Notably, Facebook and Instagram have nearly identical rules. These platforms have a memorialization function wherein you can name a legacy contact. This gives you the opportunity to determine who can manage posts made after you’ve passed away. Upon opting in, the legacy contact can make a copy of all the activity you had during your lifetime. Memorialized accounts are a place for friends and family to gather and share memories after a person has passed away. Memorialized accounts have the word “Remembering” next to the person’s name on their profile. Depending on the privacy settings of the account, friends can share memories on the memorialized timeline on Facebook. Content the person shared (photos, posts, including the comments on the same) stays on Facebook or Instagram and is visible on the platform to the audience it was shared with. Memorialized profiles don’t appear in public spaces such as in suggestions for  People You May Know, ads or birthday reminders. Memorialized accounts that don’t have a legacy can’t be changed and the profile picture will remain the same.

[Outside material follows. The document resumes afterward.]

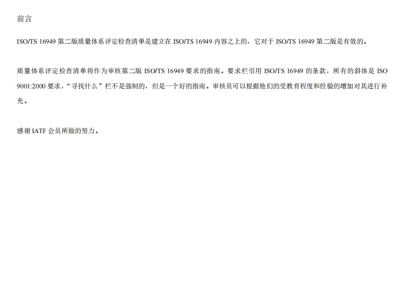 TS体系评定检查清单348072@abc4个月前发布关注私信0.28MB30页039TS体系评定检查清单此内容为付费资源,请付费后查看¥13¥23黄金会员免费钻石会员免费立即购买您当前未登录!建议登陆后购买,可保存购买订单付费资源 第1页 / 共30页 第2页 / 共30页 试读已结束,还剩28页,您可下载完整版后进行离线阅读 THE END标准规范 文本预览 质量体系评定检查清单SOS16949的检查清单 查看更多 收起部分 喜欢就支持一下吧收藏
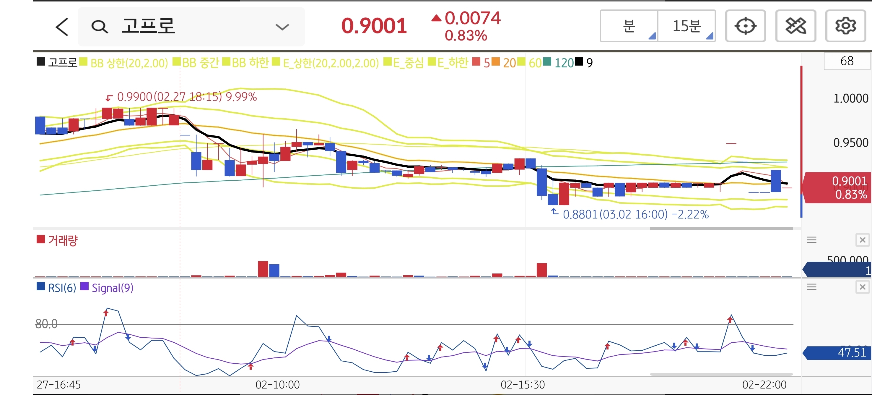 장중 0.99달러까지 반등을 시도했으나 1차 목표가 1.10달러 달성에는 실패했습니다. 저가 역시 0.88달러로 방어되며 손절가 0.80달러를 이탈하지 않았습니다. 진입가 부근에서 횡보 중인 흐름이므로 대기로 판정합니다.

Rather than naming a legacy contact or memorializing an account, you can alternatively request your account be deactivated after you pass away. To prove you’ve passed away, your representative will need to provide documentation that they are an immediate family member or executor and will need to provide a copy of the death certificate.

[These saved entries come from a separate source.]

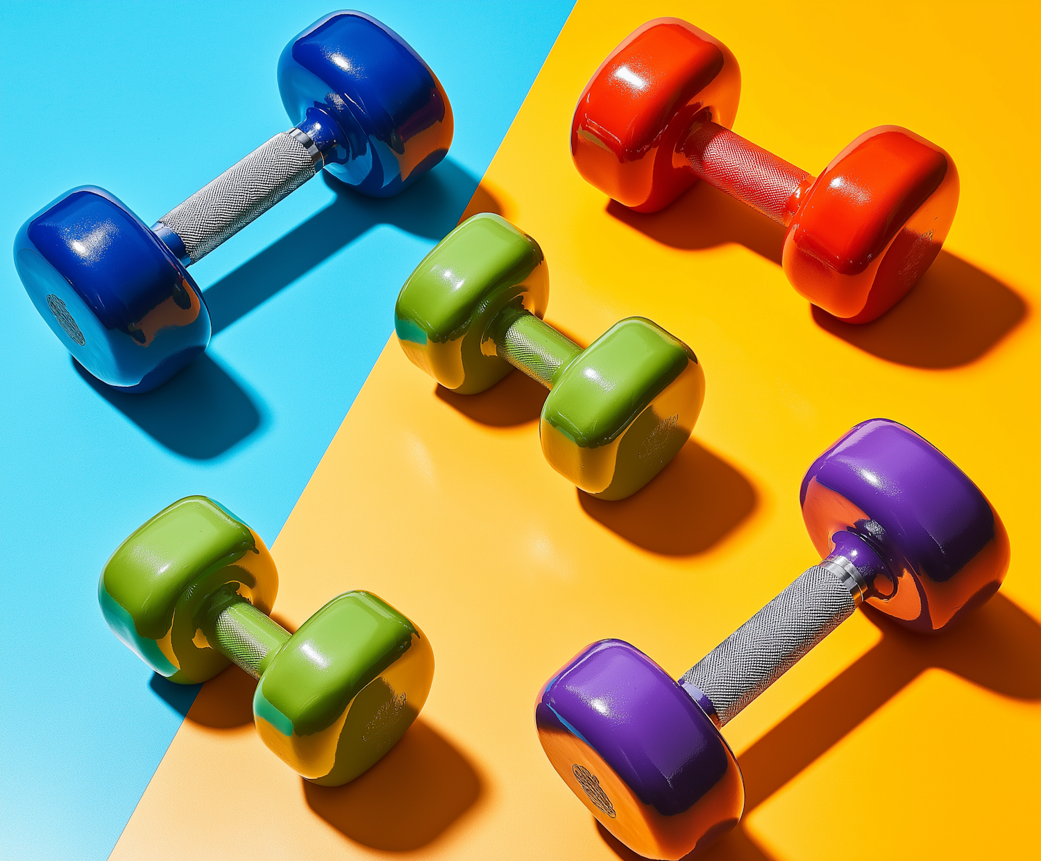 Vibrant dumbbells on a split blue and orange background, showcasing fitness and energy with bold colors and metallic grips.
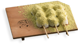 素朴な和の味わいが魅力のお餅お菓子です。串に刺したお餅に蜜をからめ、青大豆と抹茶を合わせたオリジナルの青いきな粉をまぶしたひと品。もちもちのお餅と、蜜ときな粉の素朴なハーモニーが、一度食べると忘れられないおいしさを生み出しています。お餅は一口サイズでぺろりと食べられます。
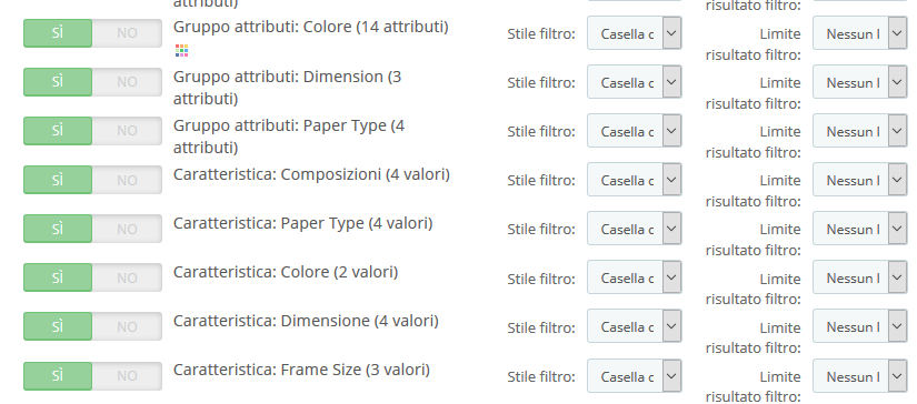 PER VOLVY = Con la 1.6.0.13 il filtro funziona sia con attributi che con caratteristiche che poi mi appaiono nella scheda prodotto... quindi mi aspettavo che anche con la nuova versione funzionasse con entrambi. Se ho un articolo in cotone con diverse taglie (le taglie sono attributi - e la composizione in cotone è caratteristica). Il cliente deve filtrare sia con taglie che con composizione.
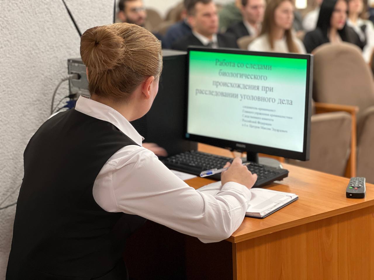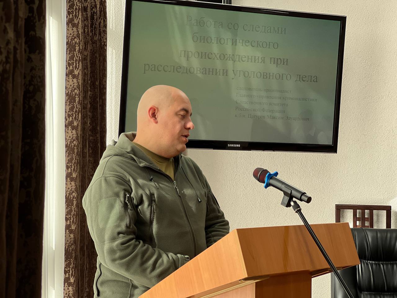 В рамках заседания с докладом на тему «Работа со следами биологического происхождения при расследовании уголовных дел» выступил следователь-криминалист Главного управления криминалистики СК России Максим Эдуардович Цатуров. В своем выступлении он осветил современные методики и практические аспекты работы с вещественными доказательствами.
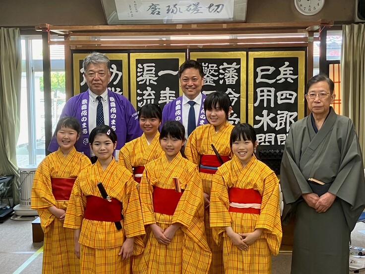 宮橋市長と山本教育長が、稽古場である西町公民館に子ども達への激励に訪問してくれました!

If you don’t have deceased’s death certificate, you’ll need to provide proof of authority and proof of the deceased’s death.

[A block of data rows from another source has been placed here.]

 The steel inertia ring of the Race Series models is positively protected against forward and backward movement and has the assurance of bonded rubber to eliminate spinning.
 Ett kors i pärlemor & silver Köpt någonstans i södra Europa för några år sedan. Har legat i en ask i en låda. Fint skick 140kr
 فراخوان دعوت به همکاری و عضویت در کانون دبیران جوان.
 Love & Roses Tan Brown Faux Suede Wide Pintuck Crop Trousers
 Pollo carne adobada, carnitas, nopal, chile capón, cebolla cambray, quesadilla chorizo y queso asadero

Twitter has a form to be completed to get the process started after the death of a loved one. After completion, Twitter contacts the individual who submitted the form to request additional information including username of the deceased user’s Twitter account, a copy of the deceased user’s Death Certificate, a copy of your government issued ID, and a signed statement including the relationship of the signor to the decedent, contact information of the representative, the action being requested, proof of death, links to an obituary (if available) and a written request of what should happen to the account.



Many individuals spend time and energy creating Ancestry.com profiles to track their genealogy and likely intend on their families to have access to the work they’ve put into such an account. However, upon the death of an owner, there are options for what happens to the account and its content. Firstly, one must prove the death of the account owner and the authority of the person trying to gain control of the account. The following is a non-exhaustive list of documents that may be required, as applicable: letter of appointment, letter of administration or representation, a copy of the will, letters testamentary and/or copy of the member’s death certificate and/or proof of identification that verifies your authority to take over the account

After this information is provided, deletion of the account is an option but not a necessity. Upon deletion, access to the account and to all related data on that account is lost and cannot be retrieved (presumably, this includes the trees one may have created and shared with family members during his or her lifetime). You may wish to download the family tree, raw DNA data, or other notes or  files before deleting the account. Ancestry.com can assist in downloading the tree data. Alternatively, if you have successfully demonstrated that you are the legal owner of the account on the death of a member, you are granted access to the member’s account and you are able to determine whether to maintain or delete the account yourself in the account settings. In the event no probate proceeding will take place and/or there is no one to take on the account, Ancestry.com can be contacted directly to delete an account.

In many cases you may think you’ll  leave the account information with your loved ones and they will carry on with your profiles and digital information as if nothing has changed. However, that would be in breach of most, if not all, of the service agreements (to which you’ve undoubtedly clicked “I agree” after proving you’re not a robot numerous times). So, the best plan may be to share and save data and assets that are important during your lifetime, and rest easy about those that leave the tangible (and world wide web) world with you.